Liver fibrosis progression in hepatitis C virus infection after seroconversion.

IMPORTANCE Knowing the rate of liver fibrosis progression in hepatitis C virus (HCV)-infected persons can help inform patients and providers (clinicians, medical institutions or organizations, and third-party payers) in making treatment decisions. OBJECTIVE To determine the rate and factors associated with liver fibrosis progression and hepatic decompensation in persons after acquiring HCV infection. DESIGN, SETTING, AND PARTICIPANTS Secondary data analysis of persons in the Electronically Retrieved Cohort of HCV Infected Veterans (ERCHIVES), a national Veterans Affairs (VA) database, between 2002 and 2012. Among 610 514 persons in ERCHIVES (half were HCV positive), we identified those with an initial negative and subsequent positive test result for HCV antibody and positive HCV RNA test result (HCV+). Controls had 2 negative HCV antibody test results (HCV-) in a comparable time frame and were matched 1:1 on age (in 5-year blocks), race, and sex. We excluded persons with human immunodeficiency virus, hepatitis B, less than 24 months of follow-up, hepatocellular carcinoma, and cirrhosis at baseline. MAIN OUTCOMES AND MEASURES Progression of liver fibrosis as estimated by the Fibrosis-4 (FIB-4) index; development of cirrhosis, defined by a FIB-4 score greater than 3.5; and development of hepatic decompensation.

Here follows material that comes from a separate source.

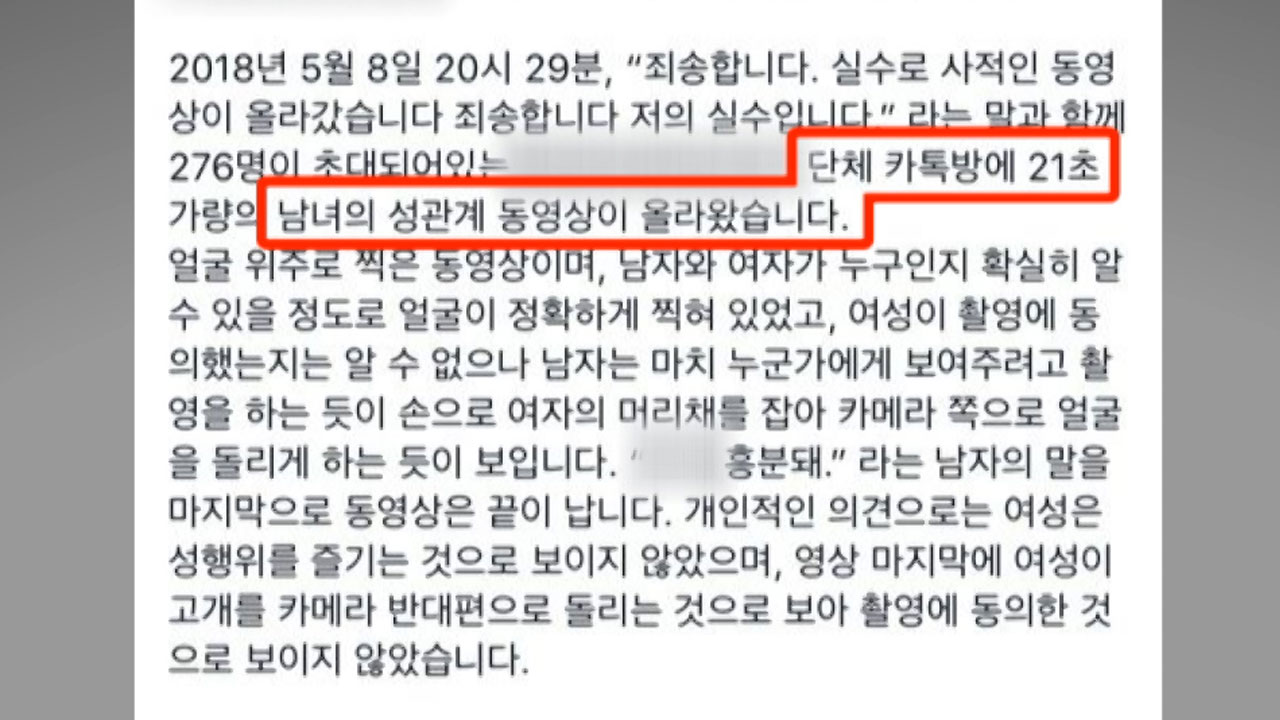 앞서 항공대에서는 지난 8일 항공운항학과 재학생 270여 명이 포함된 단체대화방에 성관계 동영상이 올라와 논란이 일었습니다.

RESULTS The evaluable data set consisted of 1840 persons who were HCV+ and 1840 HCV- controls. The HCV+ persons were younger and had a lower mean (SD) body mass index (27.39 [5.51] vs 29.49 [6.16]; P < .001), a higher prevalence of alcohol and drug abuse and dependence diagnoses, and higher serum aminotransferase levels, but had a lower prevalence of diabetes and hypertension. Fibrosis progression started early after infection among HCV+ persons and tapered off after 5 years. A total of 452 cirrhosis and 85 hepatic decompensation events were recorded. After 10 years of follow-up, HCV+ persons were more likely to have a diagnosis of cirrhosis compared with HCV- controls (18.4% vs 6.1%). Nine years after diagnosis of cirrhosis, hepatic decompensation events were uncommon but had a higher rate in the HCV+ group (1.79% vs 0.33%). CONCLUSIONS AND RELEVANCE Persons who seroconverted for HCV have a more rapid progression of liver fibrosis and accelerated time to development of cirrhosis after seroconversion compared with HCV- controls. Fibrosis progression occurs early after infection; however, hepatic decompensation is uncommon after diagnosis of cirrhosis.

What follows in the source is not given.